- [TASK DESCRIPTION]
Only the lines below starting at the one containing "Um acidente grave" and ending at the one containing "若要在 Claude.ai 中添加" belong in the answer, each copied exactly.

━━━━━ GIVEN RECORDS ━━━━━

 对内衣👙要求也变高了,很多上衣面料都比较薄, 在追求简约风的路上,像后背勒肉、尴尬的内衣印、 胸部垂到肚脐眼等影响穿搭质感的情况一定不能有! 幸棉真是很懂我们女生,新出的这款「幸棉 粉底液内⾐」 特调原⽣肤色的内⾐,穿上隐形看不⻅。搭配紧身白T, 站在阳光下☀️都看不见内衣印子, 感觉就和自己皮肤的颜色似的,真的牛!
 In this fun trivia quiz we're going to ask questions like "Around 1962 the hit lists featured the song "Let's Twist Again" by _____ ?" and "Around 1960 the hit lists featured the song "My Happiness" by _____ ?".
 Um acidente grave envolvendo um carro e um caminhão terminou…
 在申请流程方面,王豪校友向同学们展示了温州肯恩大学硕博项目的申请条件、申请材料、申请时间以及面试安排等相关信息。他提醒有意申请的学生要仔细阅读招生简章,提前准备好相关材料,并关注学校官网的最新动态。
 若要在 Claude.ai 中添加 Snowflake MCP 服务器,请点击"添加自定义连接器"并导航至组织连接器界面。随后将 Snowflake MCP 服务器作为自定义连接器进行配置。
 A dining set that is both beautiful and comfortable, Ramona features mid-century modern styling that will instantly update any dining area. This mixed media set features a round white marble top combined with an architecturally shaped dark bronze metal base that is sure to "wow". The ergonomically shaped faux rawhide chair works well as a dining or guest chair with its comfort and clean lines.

━━━━━
━━━━━ GIVEN RECORDS ━━━━━

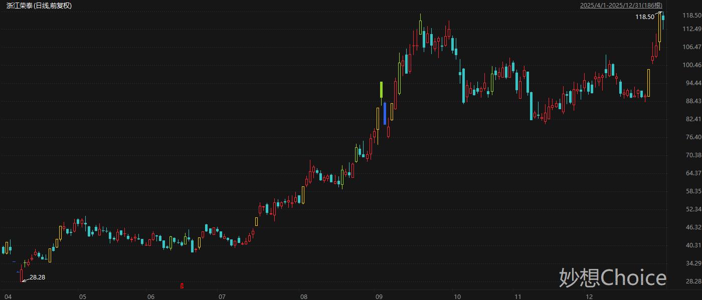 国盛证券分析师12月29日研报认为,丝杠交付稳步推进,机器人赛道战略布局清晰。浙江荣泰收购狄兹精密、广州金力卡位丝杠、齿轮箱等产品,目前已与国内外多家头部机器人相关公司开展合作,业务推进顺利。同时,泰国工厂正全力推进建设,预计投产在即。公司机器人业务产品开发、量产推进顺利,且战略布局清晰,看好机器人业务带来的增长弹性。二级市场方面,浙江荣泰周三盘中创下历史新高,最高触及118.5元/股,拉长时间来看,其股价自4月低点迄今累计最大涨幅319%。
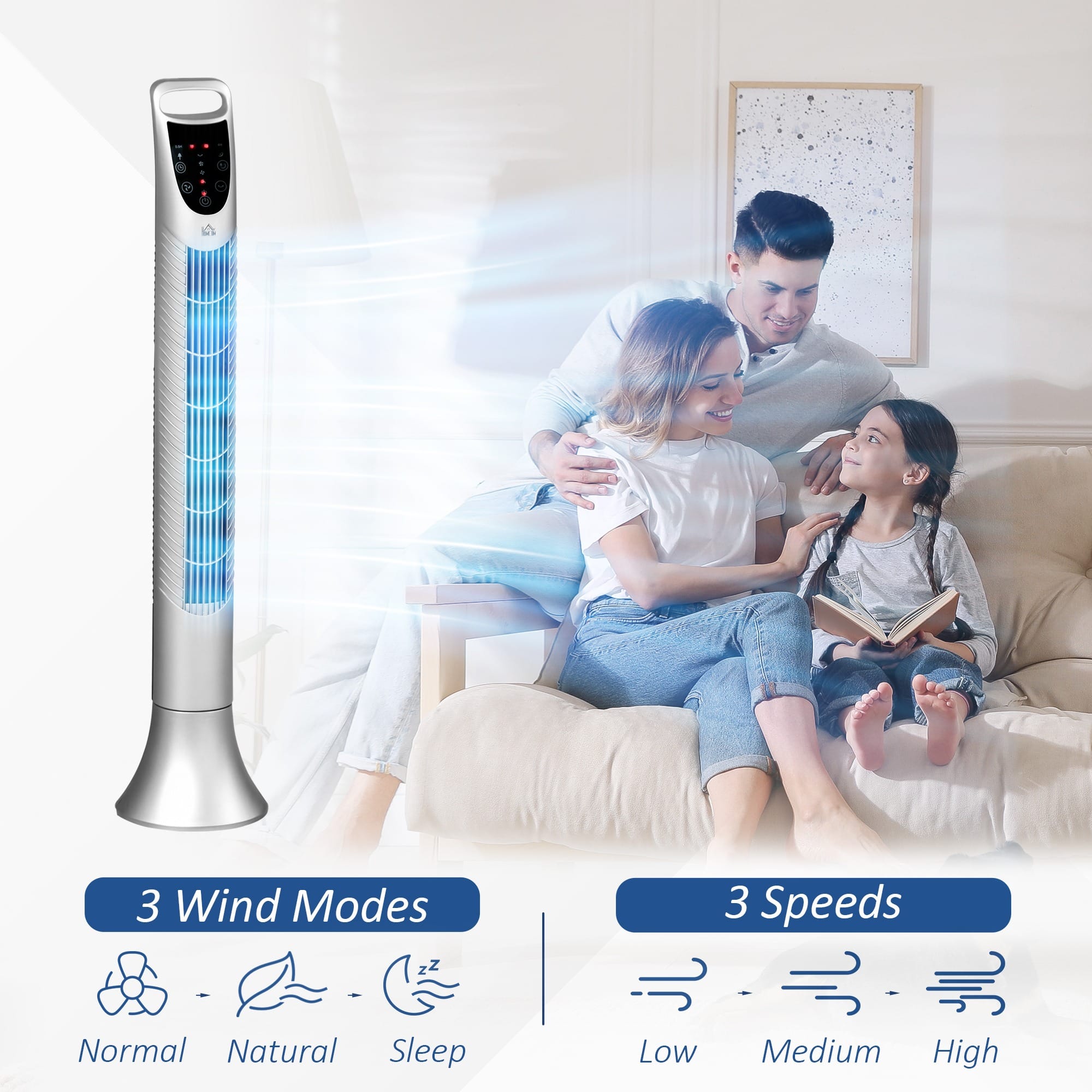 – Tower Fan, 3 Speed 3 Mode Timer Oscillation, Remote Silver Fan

━━━━━
━━━━━ GIVEN RECORDS ━━━━━

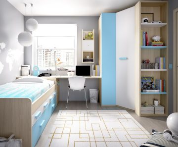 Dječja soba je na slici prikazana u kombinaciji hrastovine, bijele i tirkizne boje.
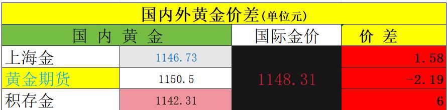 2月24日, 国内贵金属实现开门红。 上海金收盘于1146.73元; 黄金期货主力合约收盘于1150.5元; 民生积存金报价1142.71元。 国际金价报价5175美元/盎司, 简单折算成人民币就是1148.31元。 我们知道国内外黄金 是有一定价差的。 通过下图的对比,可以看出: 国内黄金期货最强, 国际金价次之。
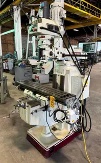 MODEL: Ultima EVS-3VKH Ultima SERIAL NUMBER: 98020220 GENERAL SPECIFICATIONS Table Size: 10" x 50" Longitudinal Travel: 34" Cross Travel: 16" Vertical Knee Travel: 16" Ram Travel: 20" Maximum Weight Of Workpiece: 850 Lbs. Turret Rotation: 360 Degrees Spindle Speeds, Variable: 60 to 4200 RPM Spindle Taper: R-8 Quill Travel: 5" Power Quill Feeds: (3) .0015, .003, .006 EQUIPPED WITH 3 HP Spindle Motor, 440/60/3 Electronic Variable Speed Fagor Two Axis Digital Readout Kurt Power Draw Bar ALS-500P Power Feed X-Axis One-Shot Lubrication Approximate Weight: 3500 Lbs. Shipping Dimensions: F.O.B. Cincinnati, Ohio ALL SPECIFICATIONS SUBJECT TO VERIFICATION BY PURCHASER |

━━━━━

- [EXERCISE OUTPUT]
 Um acidente grave envolvendo um carro e um caminhão terminou…
 在申请流程方面,王豪校友向同学们展示了温州肯恩大学硕博项目的申请条件、申请材料、申请时间以及面试安排等相关信息。他提醒有意申请的学生要仔细阅读招生简章,提前准备好相关材料,并关注学校官网的最新动态。
 若要在 Claude.ai 中添加 Snowflake MCP 服务器,请点击"添加自定义连接器"并导航至组织连接器界面。随后将 Snowflake MCP 服务器作为自定义连接器进行配置。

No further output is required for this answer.